Yesterday, I wrote about a New York Magazine article by Kurt Andersen, in which Andersen called for the elite class to rule our country. Just throw a few bones to the noisy rabble and they will pipe down, he suggested.
Joe Klein, who fancies himself a member of the elite media class, loved Andersen’s article. Writing on his blog Swampland (which accurately describes the level of his opinions), Klein praised the:
excellent essay by Kurt Andersen, tying together many of the threads about the ugly and recalcitrant nature of populism that I’ve been posting on in recent days.
Joe’s bogeymen are “anti-elitism” and “anti-intellectualism” which inspire, in Joe’s words, “a suspicion and hatred of The Other.”
He names two of the worst offenders of his intellectual, elitist sensibilities:
Those, like Sarah Palin and Glenn Beck, who seek to exploit these fears now stand on the shoulders of…pygmies.
As I have said before, Joe Klein is doing a disservice to those of us who happen to share his name. He is an elitist, to be sure, but he is an intellectual pretender. People who are serious about ideas do not continually engage in childish name-calling, but that is Klein’s stock-in-trade.
I am a Harvard Law school graduate who studied constitutional law under the late Watergate prosecutor Professor Archibald Cox. I guess that would make me eligible for membership in Swampland Joe Klein’s club of elite intellectuals.
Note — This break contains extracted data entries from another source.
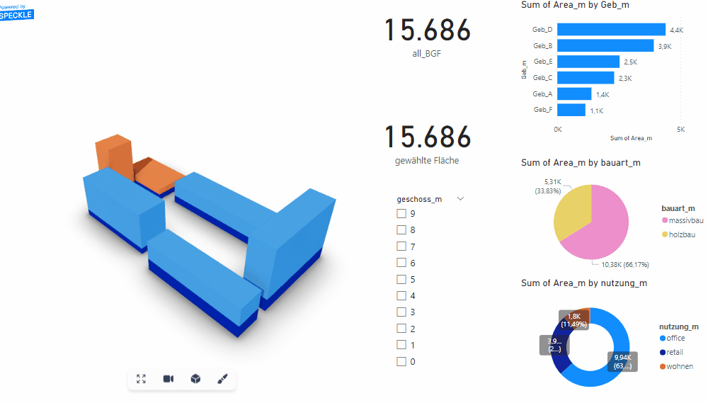 Interaktives, frei gestaltbares Dashboard, in Power-BI. Visualisierung der Daten in 3d und in charts. Das Modell kann nach Filtern/Parametern live untersucht und diese Informationen gezielt dargestellt werden.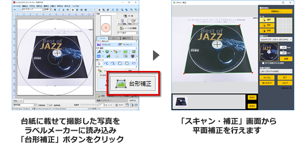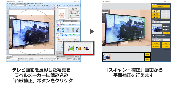 デジタルカメラで撮影した画像でもOK!ラベルメーカーに写真を読み込んで「台形補正」ボタンから「スキャン・補正」画面を呼び出して平面補正を行えます。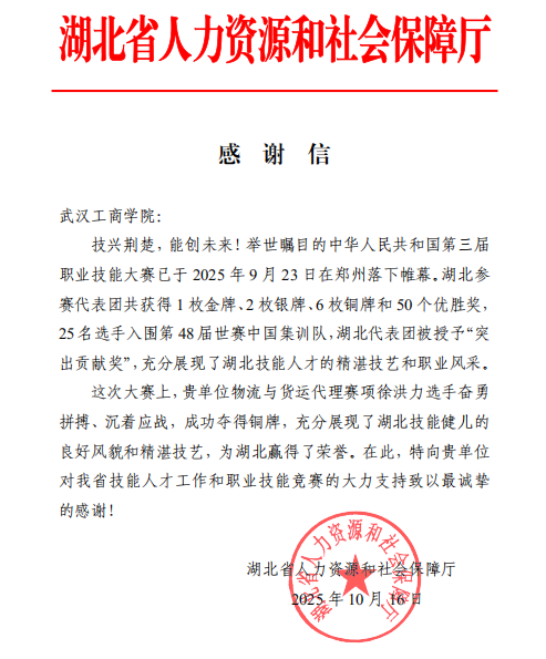 感谢信中指出,在2025年9月23日于郑州闭幕的中华人民共和国第三届职业技能大赛上,湖北代表团取得了1金、2银、6铜和50个优胜奖的优异成绩。其中,bat365登录平台入口选派参加物流与货运代理赛项的选手徐洪力沉着应战、奋勇拼搏,成功斩获铜牌,充分展现了湖北技能人才的良好风貌与精湛技艺,为湖北省赢得了荣誉。湖北省人力资源和社会保障厅特向bat365登录平台入口表示衷心感谢,并希望学校未来继续对全省技能人才工作和职业技能竞赛给予大力支持。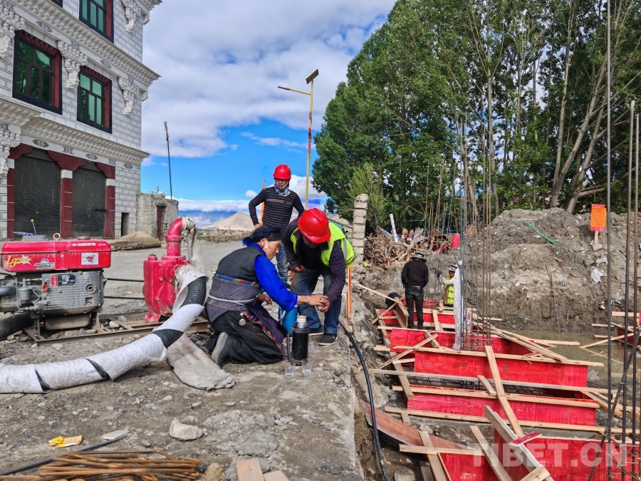 在仲康村巴桑家的重建工地上,工程已進入鋼筋捆扎階段。一場突如其來的夜雨導致基坑積水。清晨七八點,施工隊員已在基坑中忙碌開來,有的加緊捆扎鋼筋,有的尋找水泵抽水。日頭漸高,汗水浸濕了工人們的額頭,他們卻無暇休息。這時,阿媽巴桑提著一壺剛煮好的甜茶走來,就地一杯杯沏好,熱情地招呼這群“小伙子”?!耙郧暗睦戏孔诱饓牧?,現(xiàn)在黨和政府給我們建更好的新房子,日子肯定越過越有盼頭!”樸實的話語里,滿是她對未來的憧憬和對援助的感激。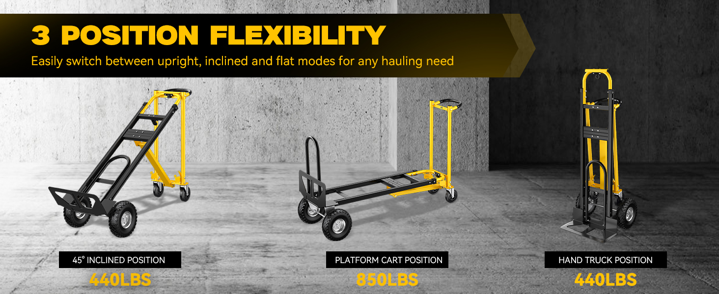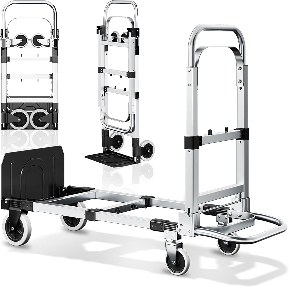 【هيكل قوي ومتين】 مصنوعة من سبائك الألومنيوم المقوى وأنابيب فولاذية A3، توفر هذه الشاحنة اليدوية القابلة للطي سعة تحميل تصل إلى 1000 رطل في وضع العجلات الأربع و440 رطلاً في وضع العجلتين، مما يجعلها مناسبة لمجموعة متنوعة من المهام الثقيلة.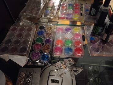 - Akril və gel sistemləri üçün pudralar, kütlələr, builder gel bankaları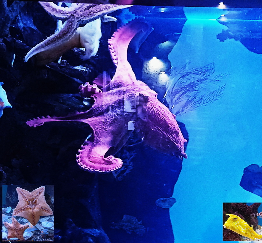 Что касается рыб, то вся чиновничья мелюзга в аквариумах вдруг стала носиться туда-сюда, словно желая прибиться к телу. Одна из куда бОльших особей («протоптер большой») на секунду обернулась и встала на дыбы, мол, и я с усами. Но места оказались заняты, ближе к Осьминогу на стекле уже «висели» морские звёзды и ленты – в награду!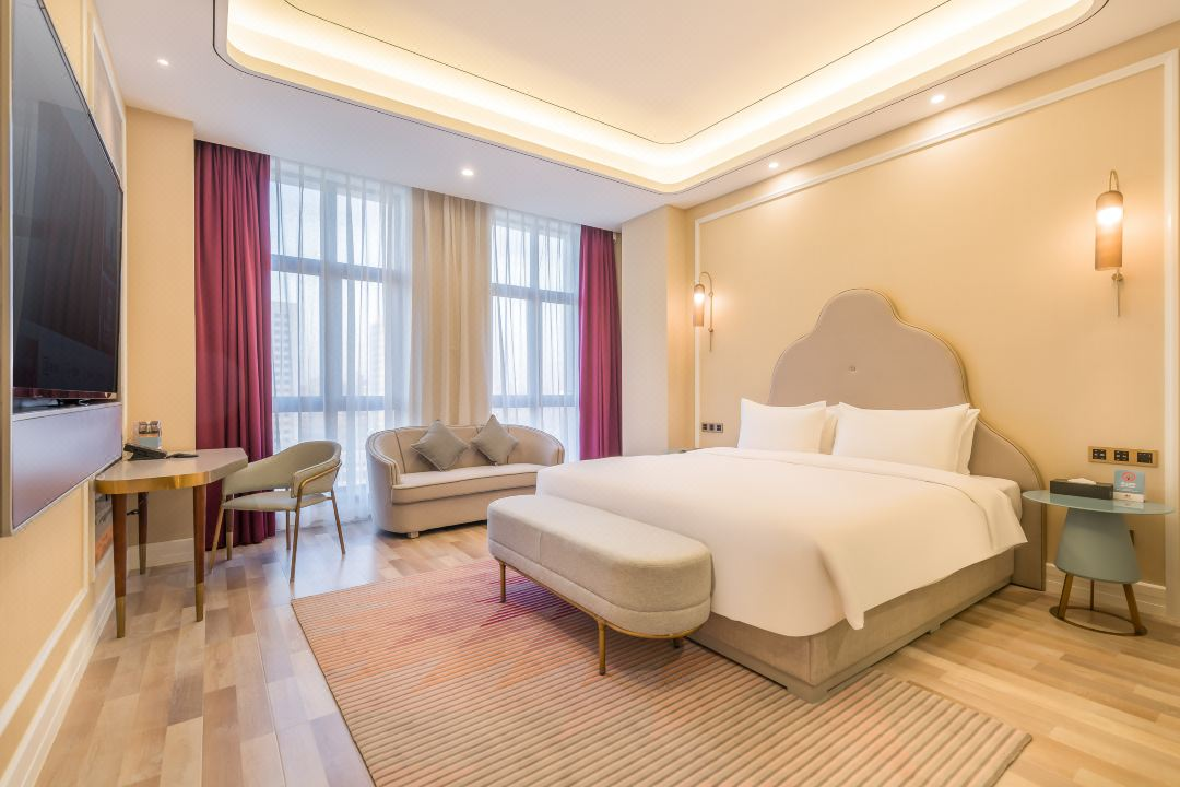 酒店的设计新颖大气,酒店布置典雅,房间古朴、清新的自然生态风格,一个不离家也想去住的酒店是您商务旅行的上佳选择。大理石打造的厅堂气势恢宏,进入酒店的客房,身心仿佛得到了释放。明亮的色彩碰撞,开阔的视野让房间更具空间感,家具与灯光的搭配恰到好处,既不喧宾夺主,又极具艺术特色。让您迅速释放压力的酒店新体验,所有的房间配备了高科技的智能房控系统,在超高速无线网络的覆盖下,可以实现网上预订、支付,一键控制房间灯光、窗帘、电视。智能触控式的镜前灯、智能淋浴温控系统、超大尺寸高清投影、无一不体现着房间的高端品质。客房内所有的洗浴用品均选用专门定制的国际品牌,为每一位下榻的客人带来尊贵享受。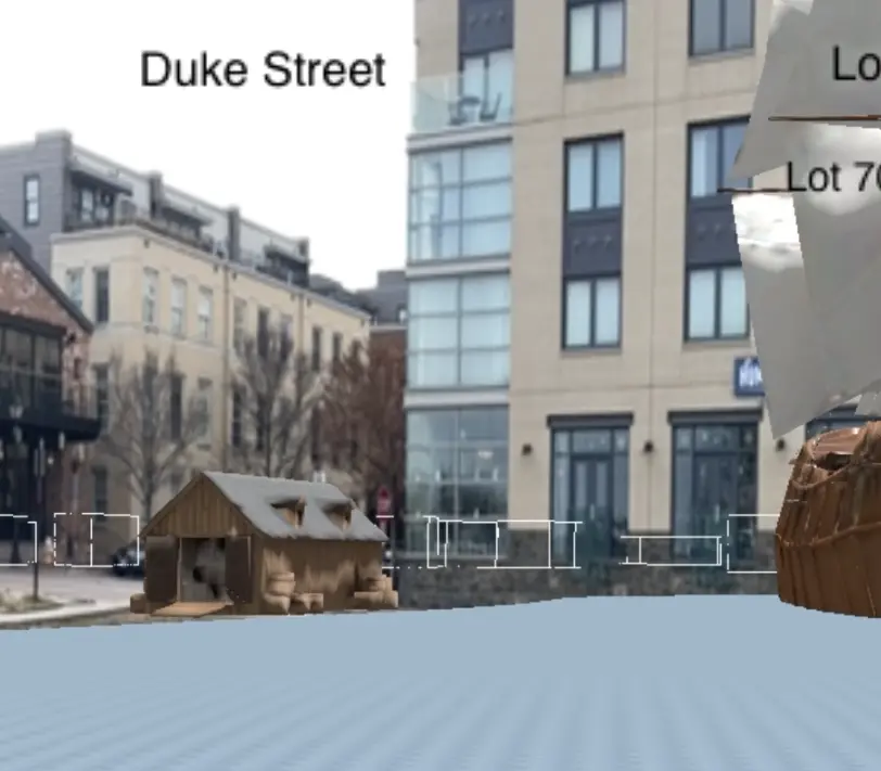 As an example, here is our basic 2D and basic 3D augmented reality view of the Carlyle Warehouse on the Alexandria, Virginia, waterfront in about 1780. The building's dimensions are known from excavation, as is the basic wooden material. The site of the building is now roughly located under the present-date Indigo Hotel. However, rendering the warehouse as a plain block of wood with those dimensions is not very compelling.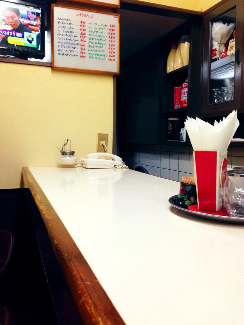店内はとてもバーガーショップとは思えない、古びたカウンター8席だけのレトロすぎる雰囲気!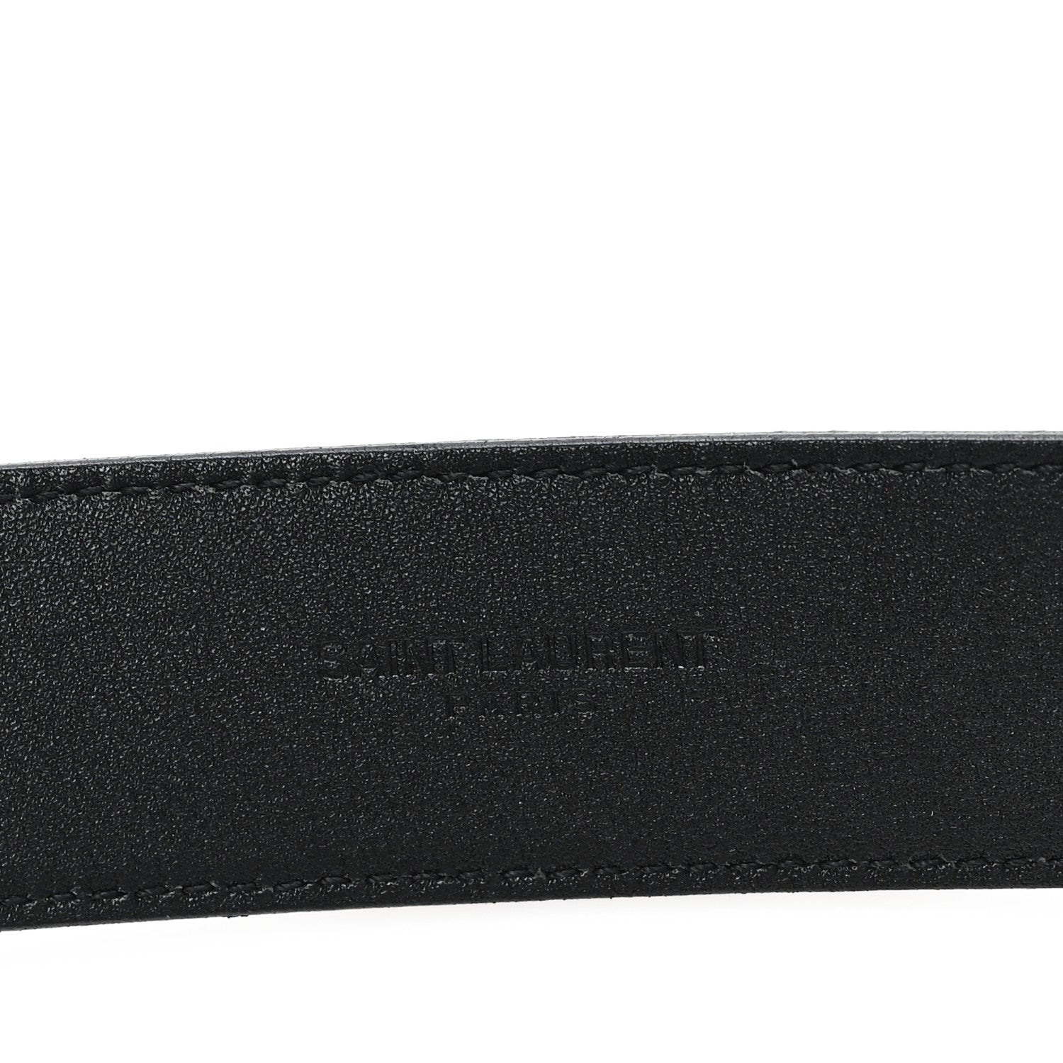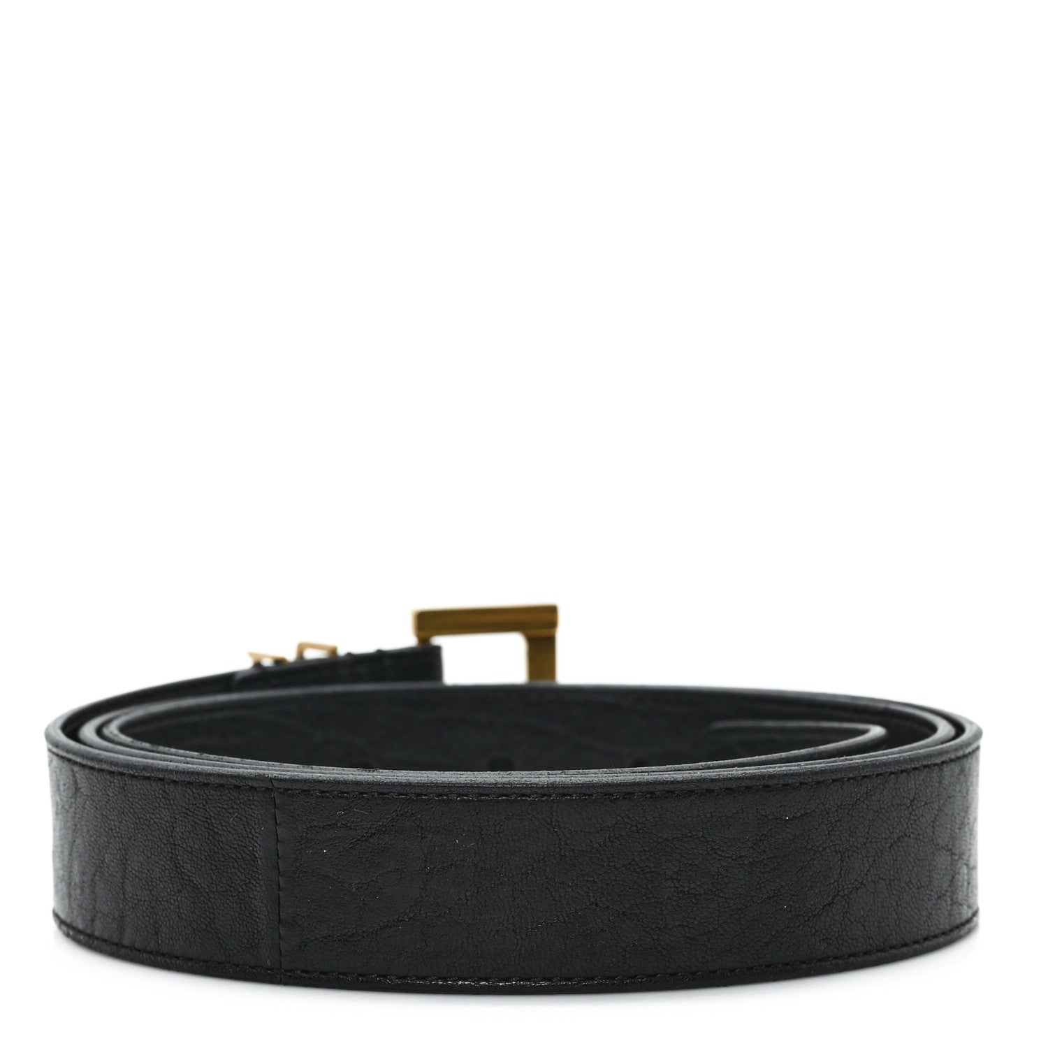 This is an authentic SAINT LAURENT Smooth Calfskin Monogram Square Buckle Belt size 85 or 34 in Black. This is a stylish modern style belt, crafted of smooth calfskin leather in black and features a YSL aged gold belt buckle.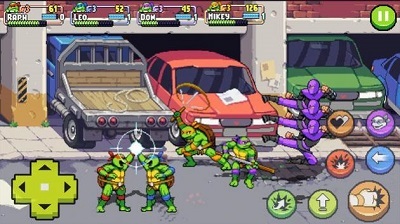 《忍者神龟的影子》主体与动作结合闯关作为了核心机制,游戏内精雕细琢设计的闯关模式,均有着难度和玩法各不相同的设计,玩家需手动的去破除场景中的陷阱障碍,每个忍者神龟都拥有着战力突破的功能设定,以复仇为背景,设计了心弦紧扣的战斗故事,并以高品质的ui风格,对操控界面进行了精细的设计。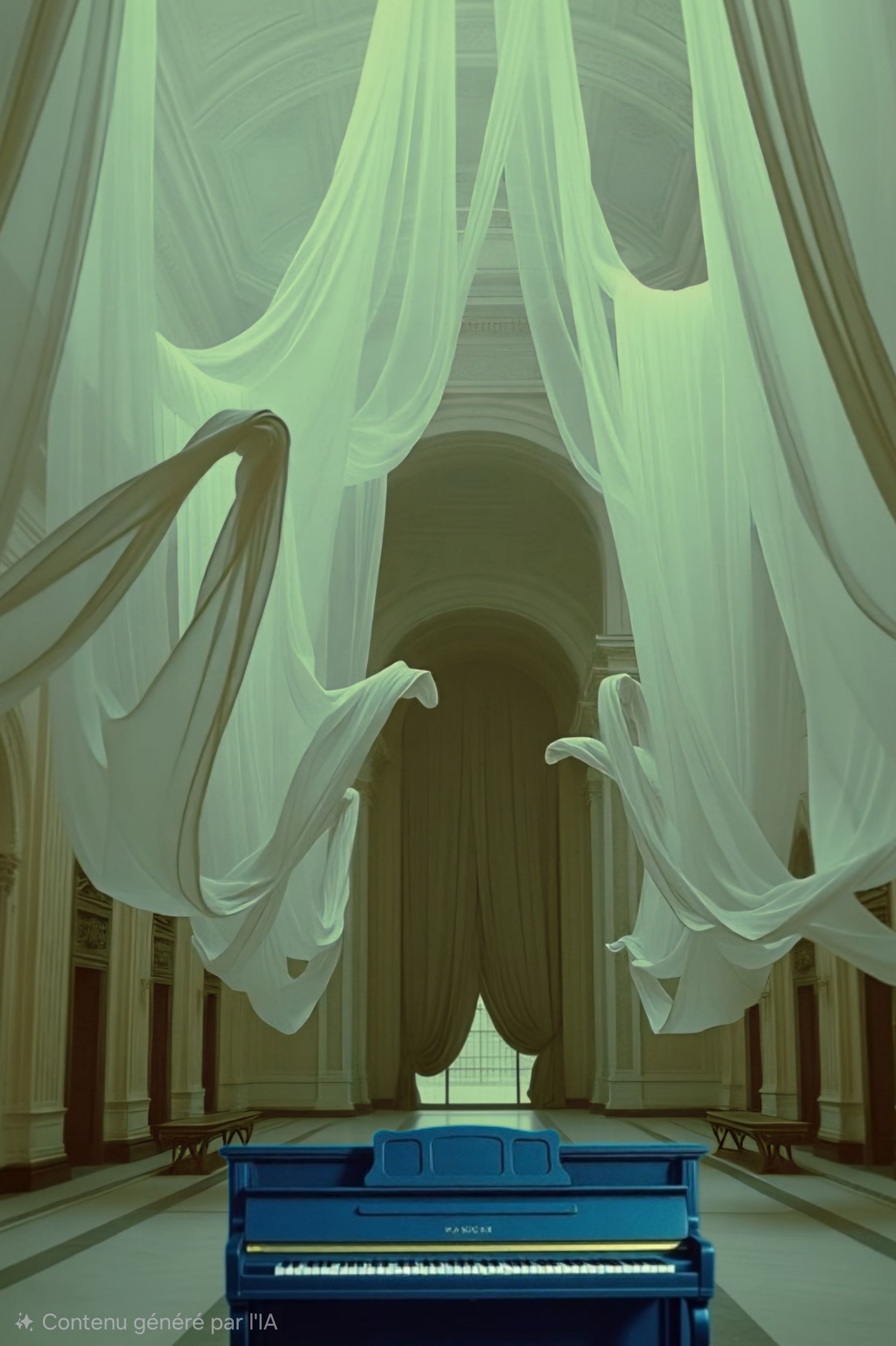 #HookImage: vintage piano standing in the middle of a church whit a pianist, realistic style
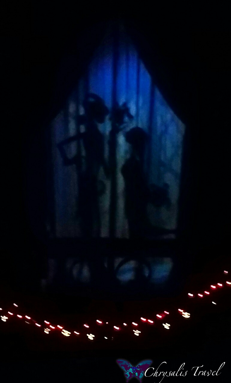 Aside from the Japanese narration in the entry foyer and stretching room, the musical score is in English. See more of our Haunted Mansion Holiday Nightmare review from our Halloween article here.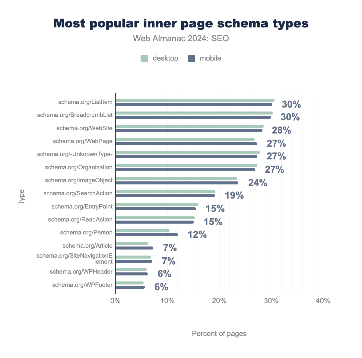 schema.org/ListItem が31%、schema.org/BreadcrumbList が30%、schema.org/WebSite が29%、schema.org/WebPage が27%、schema.org/-UnknownType- が28%、schema.org/Organization が27%、schema.org/ImageObject が24%、schema.org/SearchAction が19%、schema.org/EntryPoint が16%、schema.org/ReadAction が15%、schema.org/Person が10%、schema.org/Article が6%、schema.org/SiteNavigationElement が7%、schema.org/WPHeader が6%、schema.org/WPFooter が5%で見つかりました。モバイルでは、それぞれ30%、30%、28%、27%、27%、27%、24%、19%、16%、15%、12%、7%、7%、6%、6%のページで見つかりました。内部ページに関して、ListItem は2024年にもっとも人気のスキーマタイプで、モバイルの30%、デスクトップURLの31%を占めました。商品、イベント、記事ページなどの「リーフ」ページよりも、リスティングページの方が多いというのは理にかなっています(ただし、Article スキーマは12番目にもっとも人気のあるタイプでした)。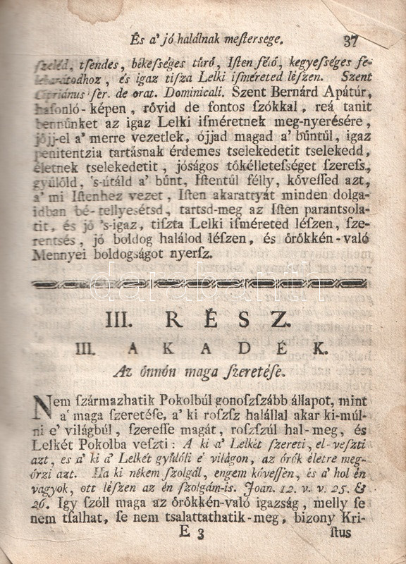Ozolyi Flórián (1683-1755) ferences szerzetes, nagyszombati hitszónok műve egy latin nyelvű kegyességi munka fordítása. Az ízes magyarsággal készített fordítás számos történeti anekdotát és elrettentő világi példát idézve sarkallja igaz katolikus olvasóját a kegyes életre; a bűnöktől, a világ hívságaitól és a lutheri-kálvini eretnekségtől való tartózkodásra. A fordítás először 1722-ben jelent meg, Pozsonyban, példányunk a ferences munka ötven évvel későbbi egri kiadásából való. A bekötött címlapon és az ajánlást hordozó első levélen nagyobb pótlás, a belív négy levele a gerincnél megerősítve, a belív 36 levelének alsó sarkán, szövegtükrön kívüli szúrágásnyomok, a címlapon markánsabb, számos oldalon halvány foltosság. Az első előzéken régi tulajdonosi bejegyzés, néhány oldalon széljegyzetek.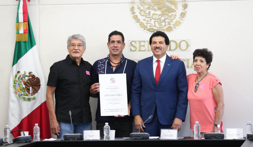 El senador José Ramón Enríquez Herrera entregó un reconocimiento al chef Julio César Valdez, por su gran labor como embajador de la cultura y gastronomía mexicana alrededor del mundo.

But I am the Newsrealblog Joe Klein who believes that Glenn Beck and Sarah Palin have articulated a better understanding of the philosophy of the Founding Fathers towards limited government and how that philosophy should be applied to current problems than the club of elite intellectuals have been able to do.
If my namesake would like to debate this proposition intelligently, bring it on.